Results 1 to 14 of 14
  1. #1
    Join Date
    Jun 2007
    Posts
    8

    Unanswered: UDF's crash after new CPU installation on AIX!

    Hi all,

    Last week we upgraded the CPU of our AIX server. Until then, we had no problems running our UDF's, but we now get SQL0430N error messages ("User defined function "XXX" has abnormally terminated).

    The strange thing is that

    1) This happens with all UDF's, not with a particular one

    2) This happens quite rarely (about 50 times/day, although the UDF's get called thousands of times every day)

    Any idea? Any help is welcome.

    - Colargol

  2. #2
    Join Date
    Jun 2007
    Posts
    8
    Our DBA informed me this morning that we did not only upgrade the hardware... but also the DB2 version, which most certainly has a bigger impact on the problem mentioned above

    Our new DB2 version is "DB2 8.2 fixpack 7".

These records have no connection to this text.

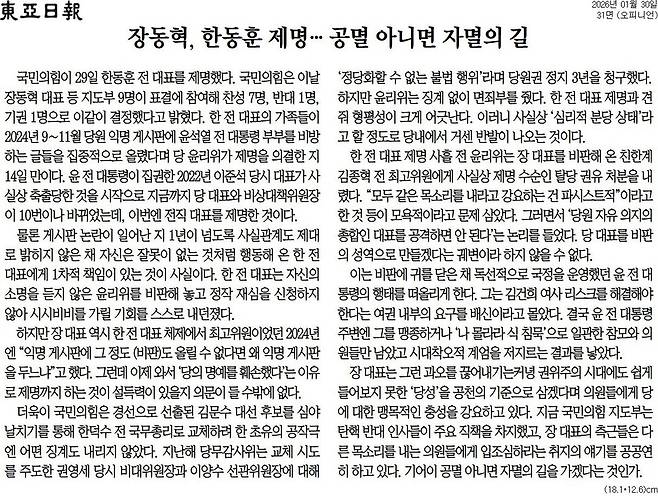 당이 깨지지 않으면 장동혁 대표에게 좋은 일일까요? 그게 그렇지가 않습니다. 차라리 당이 분열하면 각자 세를 키워서 대여투쟁에서 역할분담을 하고 총선이나 대선을 앞두고 다시 합치거나 선거 연대를 할 수도 있습니다. 하지만 지금처럼 두 세력이 서로에게 내부 총질을 계속해대면 동아일보 사설 제목처럼 ‘공멸 아니면 자멸’할 가능성이 커집니다.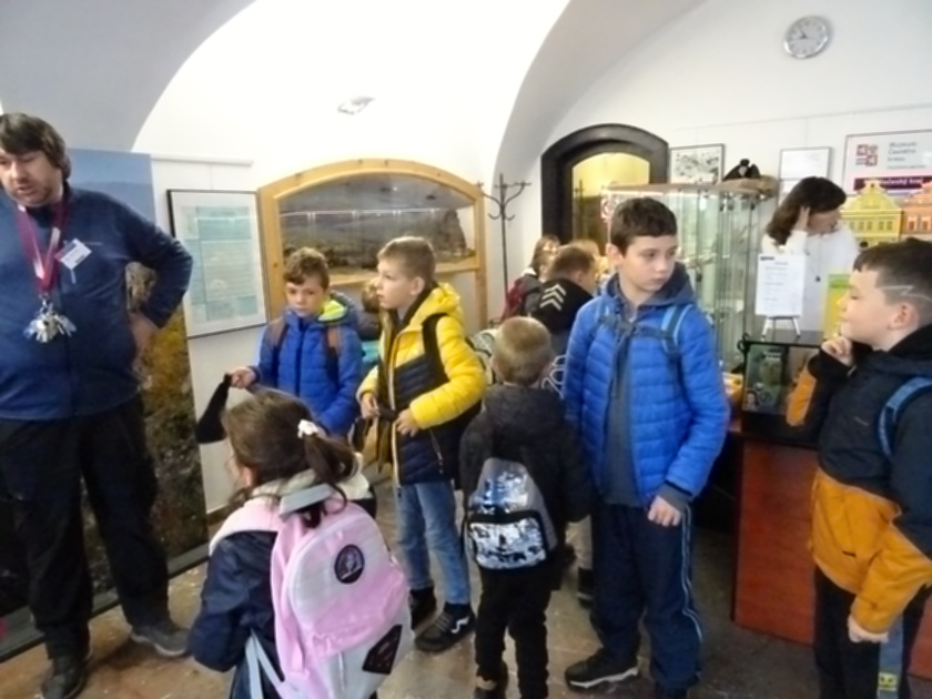 Scházíme se v osm hodin u školy. Vzhledem k tomu, že je velká zima, jdeme na chvíli do školy, kde se připomeneme, co nás dnes čeká. Než jsme odešli, připomenuli si historii Berouna, ale především se věnovali pověstem a legendám. Připomenuli jsme si skřítka Klepáčka, Bílou paní, která se vztahuje k Jenštejnskému domu. Potom již odcházíme na akci v Muzeu Českého krasu, kde na nás již čeká průvodce a geolog pan Pavel Bokr. Rozdělujeme se na dvě skupiny. Jedna se s geologem bude věnovat zdejší výstavě Český kras a druhá půjde rýžovat minerály, ze kterých bude vyrábět šperky dle vlastního výběru. Po určité době se vyměníme, a budeme pokračovat v další činnosti.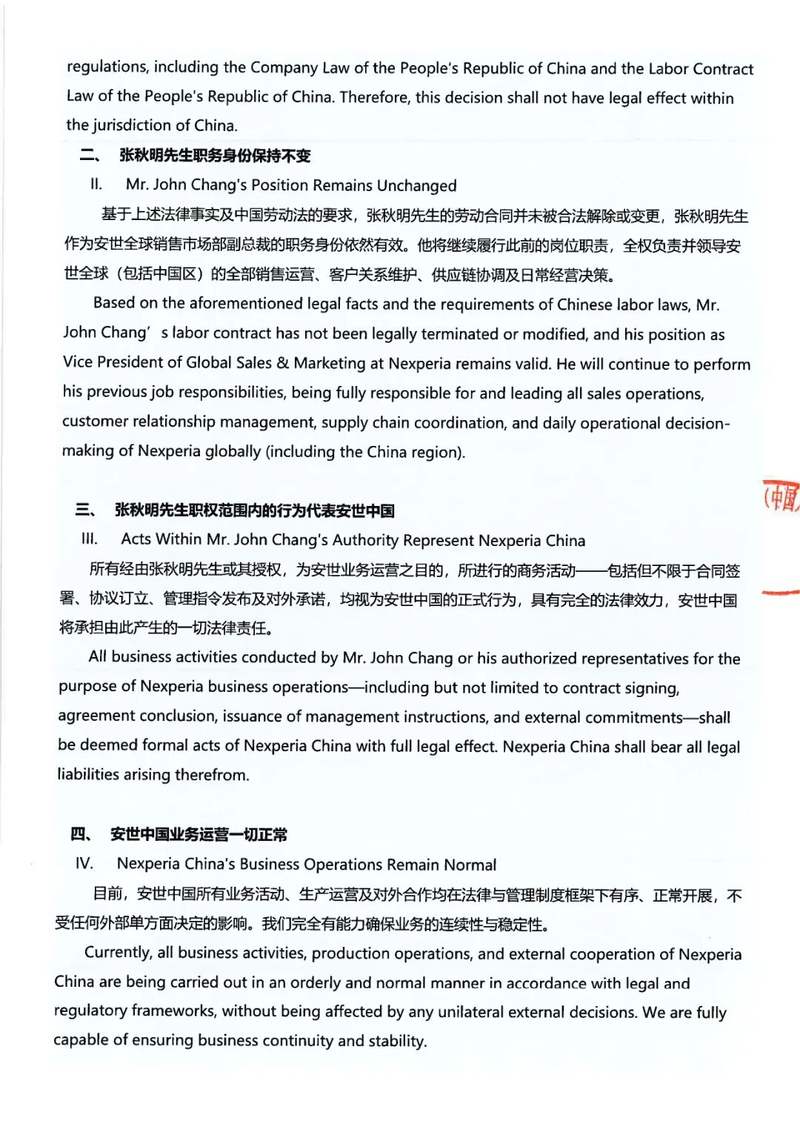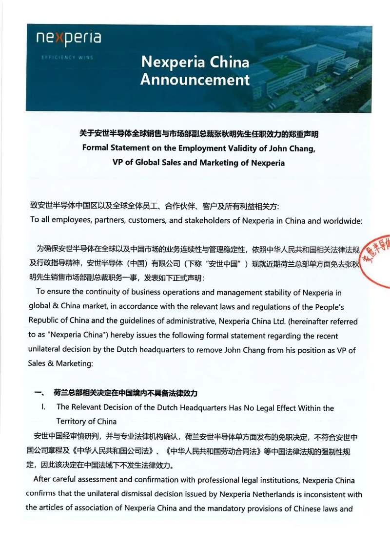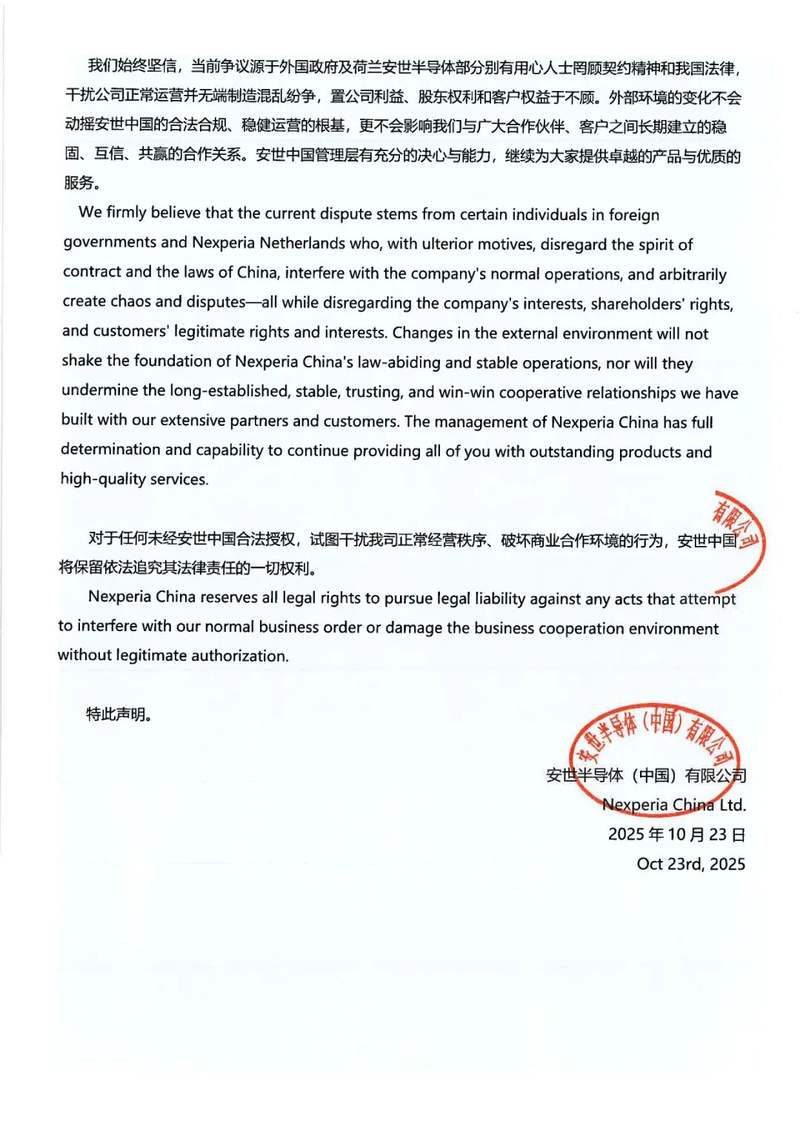 据人民财讯10月23日电安世半导体中国有限公司公众号发布关于安世半导体全球销售与市场副总裁张秋明先生任职效力的郑重声明,为确保安世半导体在全球以及中国市场的业务连续性与管理稳定性,依照中华人民共和国相关法律法规及行政指导精神,安世半导体(中国)有限公司(下称“安世中国”)现就近期荷兰总部单方面免去张秋明先生销售市场部副总裁职务一事,发表如下正式声明:一、荷兰总部相关决定在中国境内不具备法律效力;二、张秋明职务身份保持不变;三、张秋明先生职权范围内的行为代表安世中国;四、安世中国业务运营一切正常,目前,安世中国所有业务活动、生产运营及对外合作均在法律与管理制度框架下有序、正常开展,不受任何外部单方面决定的影响。我们完全有能力确保业务的连续性与稳定性。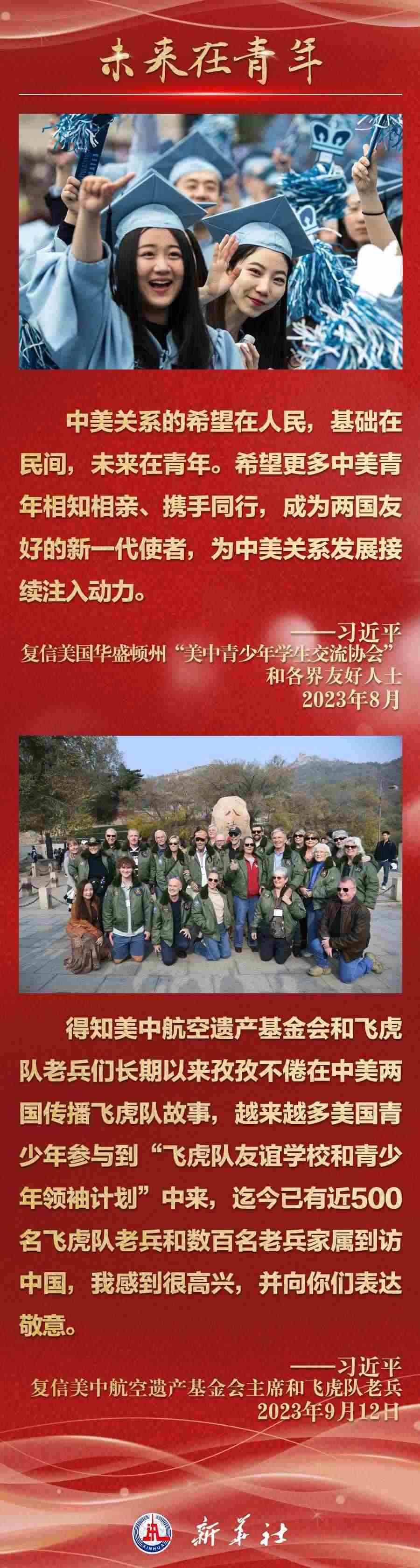 今年以來(lái),從在京會(huì)見(jiàn)美國(guó)各界人士,到向“鼓嶺緣”中美民間友好論壇等活動(dòng)致賀信,再到復(fù)信美國(guó)華盛頓州“美中青少年學(xué)生交流協(xié)會(huì)”、史迪威將軍后人、飛虎隊(duì)老兵等友好人士,習(xí)近平主席同美國(guó)各界真摯互動(dòng),強(qiáng)調(diào)中美關(guān)系基礎(chǔ)在民間,希望在人民,未來(lái)在青年,活力在地方。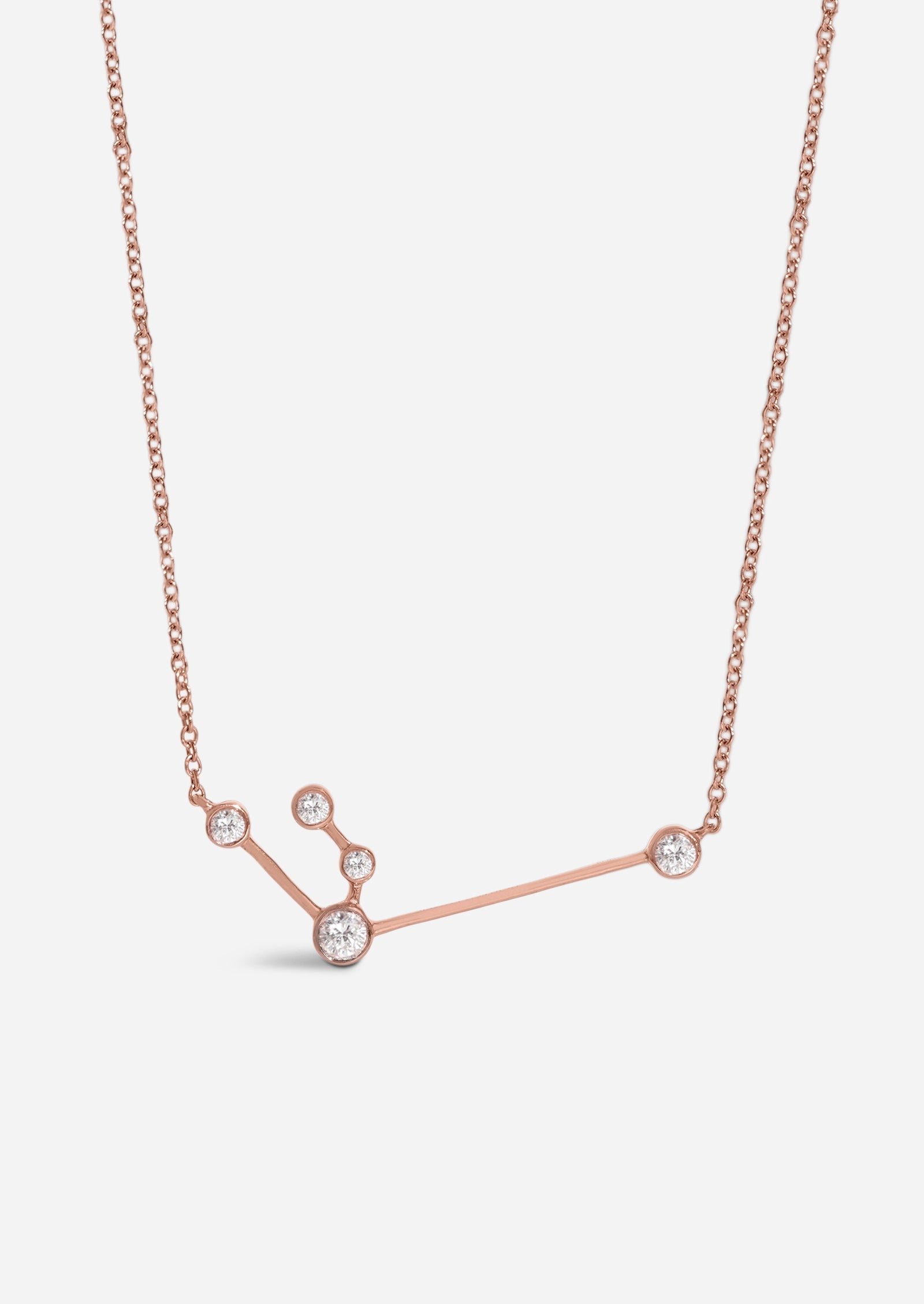 The Aquarius Zodiac Necklace features a scattered arrangement of floating diamonds in varying sizes, bezel set in solid 14K gold, which float to form the constellation: the water-bearer. Wear it on its own, or as the anchor for your layering necklaces.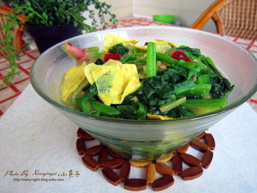 10:临出锅时放上切好的鸡蛋块,鸡精调味装盘。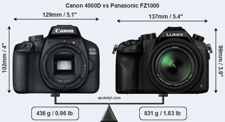 The side-by-side display below illustrates the physical size and weight of the Canon 4000D and the Panasonic FZ1000. The two cameras are presented according to their relative size. Three consecutive perspectives from the front, the top, and the back are available. All width, height and depth measures are rounded to the nearest millimeter.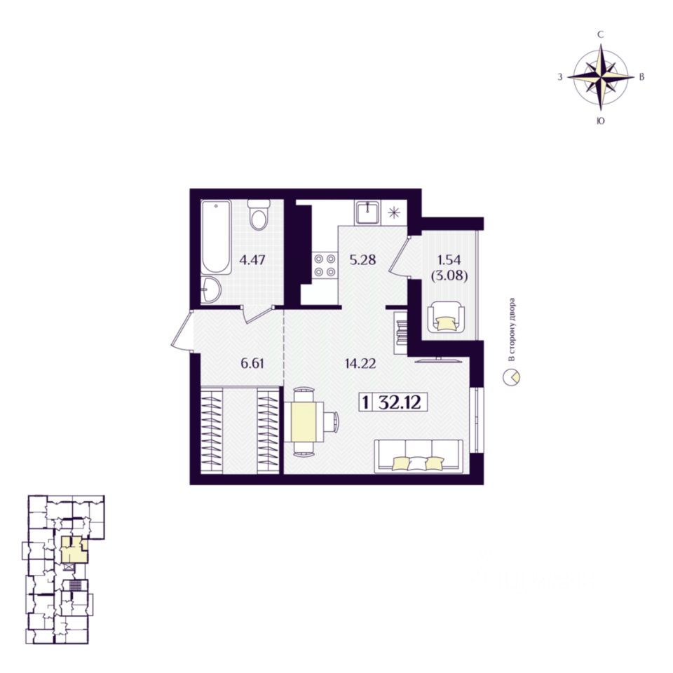 Общая площадь32,12 м²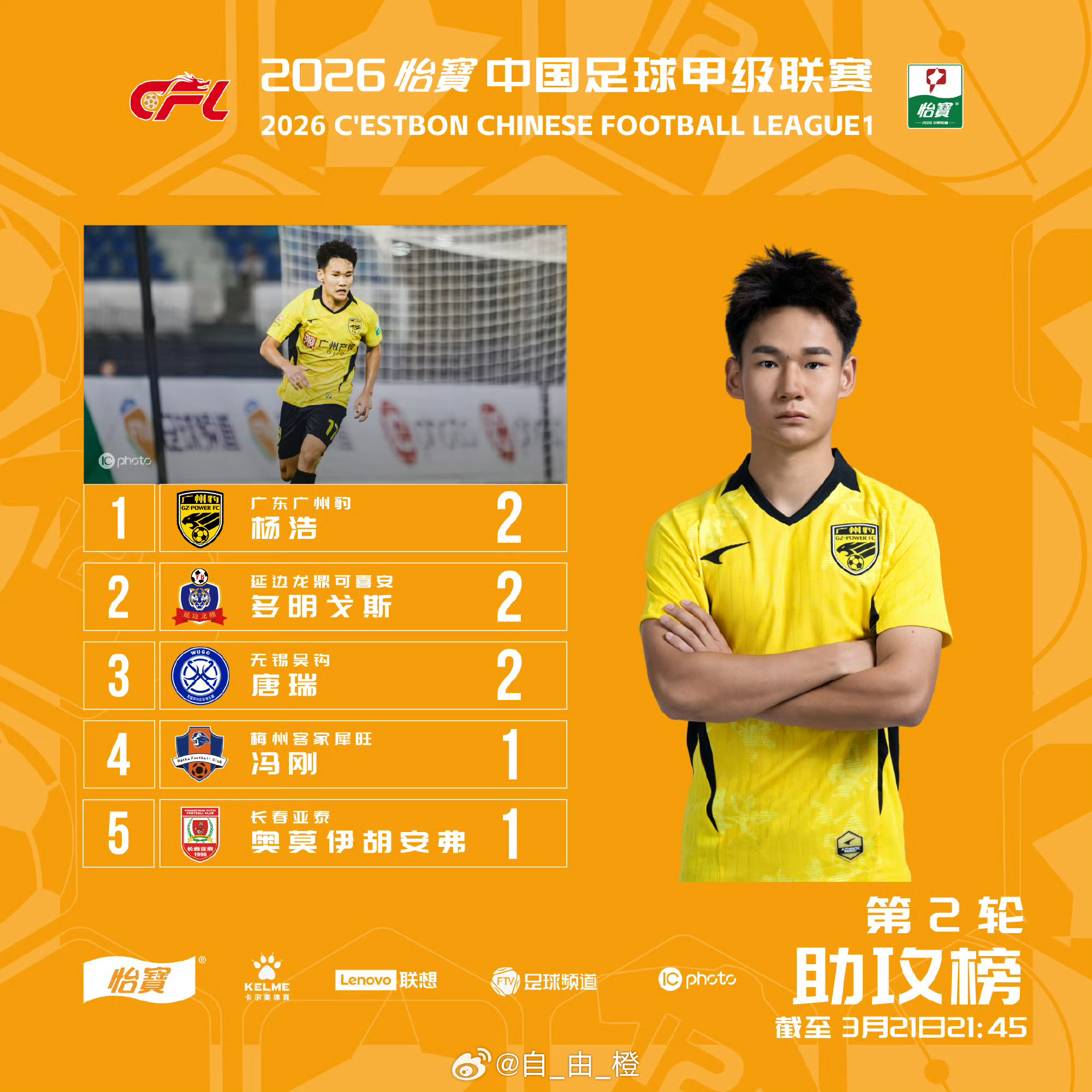 外租小将唐瑞领跑中甲射手榜并在助攻榜位列第三。

    Any help is still welcome

    - Colargol

  3. #3
    Join Date
    Jan 2007
    Location
    Jena, Germany
    Posts
    2,721
    My guess is that the UDFs were buggy to begin with. For example, if memory is allocated but not properly initialized, then other parts of the code may use invalid data. The operating system will initialize a new data page when requested, but not every UDF invocation may resort to new data pages and could reuse existing ones. Similar issues can arise with variables on the stack. This is just one possibility, though.

    Your best bet is to debug your UDF. What you may want to try is to install a signal handler for signal 11 (sigsegv) at the start of the UDF, and the signal handler can write a core dump or whatever other information you want. At the end of the UDF, you re-install the default signal handler.
    Knut Stolze
    IBM DB2 Analytics Accelerator
    IBM Germany Research & Development

  4. #4
    Join Date
    Jun 2007
    Posts
    8
    Hi Knut,

    Thanks for your answer. This is also what I thought, because out of 318 "UDF crashes", we finally got yesterday *one* Java stack trace (yes, I forgot to mention that these are Java UDF's) in db2diag.log. In this stack trace I can clearly see, that access to a map, lazily initialized, fails, although it never should... That still doesn't explain what happened in the other 317 cases

    You suggest I install a signal handler. Ok if these were C UDF's... but any idea how I can achieve this in Java? The only possibility I see would be to execute an external process by using the "Runtime.getRuntime().exec()" method... or am I completely wrong?

    - Colargol
    Last edited by colargol70; 06-29-07 at 10:54.

  5. #5
    Join Date
    Jan 2007
    Location
    Jena, Germany
    Posts
    2,721
    You were just plain lucky in the other 317 cases and in everything before DB2 V9.

    I don't know if you can actually install a signal handler in Java code. Using Runtime.exec() will definitively not work because a signal handler must be installed by the executing process itself. What you could try is:
    (1) write a C UDF that installs the signal handler, and then
    (2) calls your Java UDF in a nested SQL call, then
    (3) remove the signal handler again.
    This may fail if DB2 re-installs the signal handler before the the Java function is called, or if the Java function is executed in a different process (which is the case anyways if I'm not mistaken).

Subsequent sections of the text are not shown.